The waste that arises at these various stages can be gaseous, liquid or solid. For some forms of gaseous waste, for instance radon in underground uranium mines, measurements are rarely attempted, and management consists in reducing exposures rather than measuring or capturing existing levels, even though gases like radon are extremely harmful. In some cases, radioactivity is filtered out of exhaust gases and injected with liquid effluents into the sea, which is another form of reducing immediate exposure, without reducing toxicity at the source. Solid forms of waste are generally the most stable and easiest to manage, and a substantial aim in policy is therefore commonly to convert less stable waste forms into more manageable solid forms. For example, reprocessing of spent fuel produces a waste stream of boiling and radioactive nitric acid, which is then subject to evaporation and turned into a vitrified (glass) product.

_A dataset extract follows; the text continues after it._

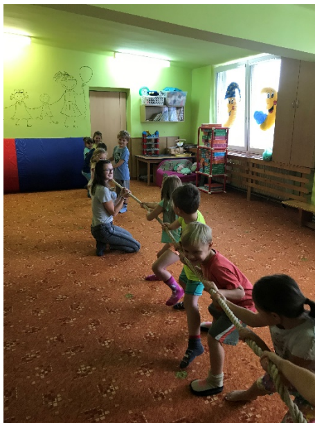
Obrázek 19 - přetahování lana

Podávání míče kolem těla, podávání míče ve skupině a v kruhu – (míč představuje rajče, nesmí nám spadnout, aby se nerozmáčklo)

Along the four stages of the nuclear fuel chain, a variety of waste types occur:
URANIUM MINING, MILLING, PROCESSING AND FUEL FABRICATION
An important waste and major health risk is radon gas in underground uranium mines. Radon gas is an alpha emitter and decays to solid polonium, which has similar characteristics. Another source of radioactivity from uranium mining of any kind is the persistent presence of uranium, which decays into radon, in mine tailings: waste heaps of discarded rock material from mining operations. These tailings take up very large volumes and can cause significant health problems, especially in developing countries, where management practices are sometimes poor. Because radon is released as a gas, it is not possible to directly capture it. The other stages of uranium processing (conversion, enrichment and fuel fabrication) produce very limited amounts of waste.